Instructions for the task |
Everything from the first line of the material to the line containing "在拥有孩子的家庭里,客厅绝不", inclusive, must be given again exactly; no pictures, and nothing past that line.

Source data |
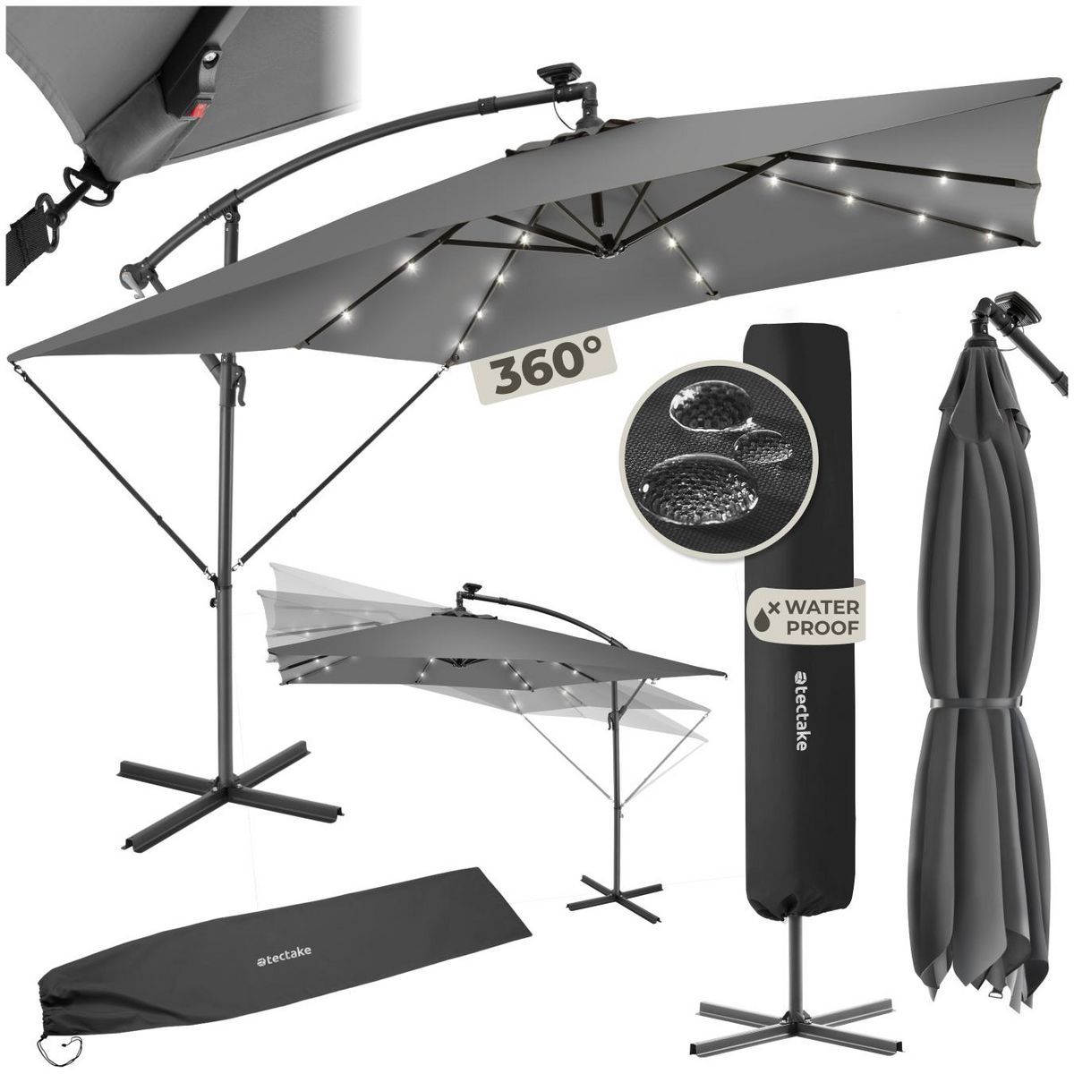 Parasol 250 x 250 cm avec éclairage LED solaire gris clair
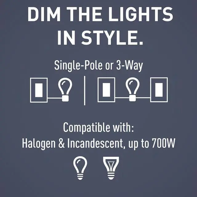 UPGRADE YOUR SWITCHES: Get rid of your ordinary switch to a dimmer with on/off rocker switch and separate slider for dimming. 3-way; control one light from two locations. For use with incandescent and halogen bulbs.
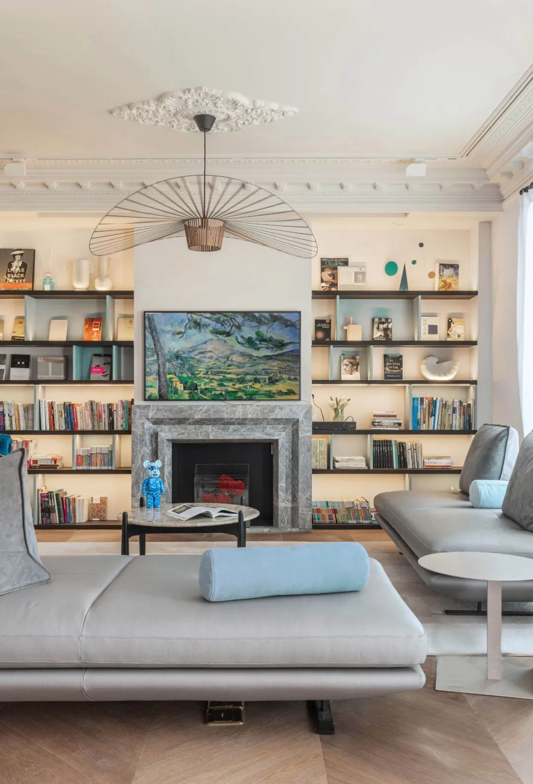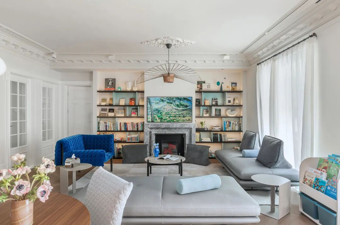 在拥有孩子的家庭里,客厅绝不是只有装饰品,生活必需品占据了主要C位,壁炉两侧设置多层隔板,把少部分饰品安置在了较高的地方。
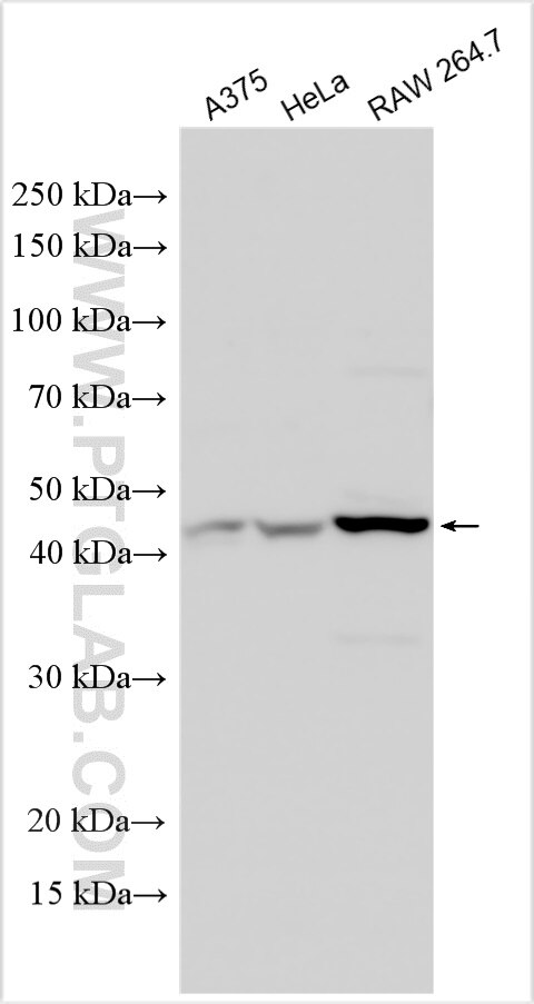 The GPRC5A,RAI3 antibody from Proteintech is a rabbit polyclonal antibody to a recombinant protein of human GPRC5A,RAI3. This antibody recognizes human, mouse antigen. The GPRC5A,RAI3 antibody has been validated for the following applications: WB, IHC, FC (Intra), ELISA analysis.

Reply to the task |
 Parasol 250 x 250 cm avec éclairage LED solaire gris clair
 UPGRADE YOUR SWITCHES: Get rid of your ordinary switch to a dimmer with on/off rocker switch and separate slider for dimming. 3-way; control one light from two locations. For use with incandescent and halogen bulbs.
 在拥有孩子的家庭里,客厅绝不是只有装饰品,生活必需品占据了主要C位,壁炉两侧设置多层隔板,把少部分饰品安置在了较高的地方。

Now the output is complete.